Investigadores de la BUAP desarrollaron pigmentos microencapsulados a partir de la cáscara de Renealmia alpinia (x´kijit), una fruta silvestre de la Sierra Norte de Puebla, como alternativa a colorantes sintéticos que pueden causar cáncer.
La cáscara de este fruto produce tonalidades morado, rojo y azul marino y es rica en proteínas y grasas. El estudio derivó en dos patentes: tortillas de maíz enriquecidas con su pulpa y el proceso de obtención de microencapsulados.
El secado por aspersión permite preservar las propiedades nutricionales de la pulpa y la cáscara, facilitando su uso en productos alimenticios.
El proyecto fue financiado por la SECIHTI para su escalamiento, con la construcción de un invernadero y una planta piloto en CU2.
Además, se incluirá el estudio de Tecoma stans, planta utilizada para tratar la diabetes.

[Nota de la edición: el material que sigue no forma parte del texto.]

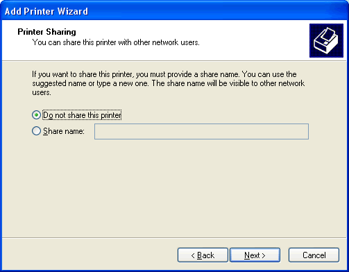 Click Next again because you don't want to share it through the Windows PC as it is already a shared printer.

En la planta piloto se elaborarán los microencapsulados y pruebas de calidad y estabilidad. Dos empresas ya han mostrado interés en utilizarlos en productos cárnicos y aditivos para la industria alimentaria.
La investigación busca rescatar este recurso fitogenético, ampliar su cultivo y difundir sus aplicaciones culturales y alimenticias. Para ello se hará un diagnóstico agrícola y se trabajará con cocineras tradicionales de Cuetzalan para innovar en sus usos.
El proyecto también pretende generar nuevas oportunidades económicas para comunidades productoras de la Sierra Norte de Puebla, mediante la venta de los pigmentos.
La BUAP busca posicionar a Puebla como referente nacional en investigación y desarrollo de colorantes naturales seguros para la industria alimentaria.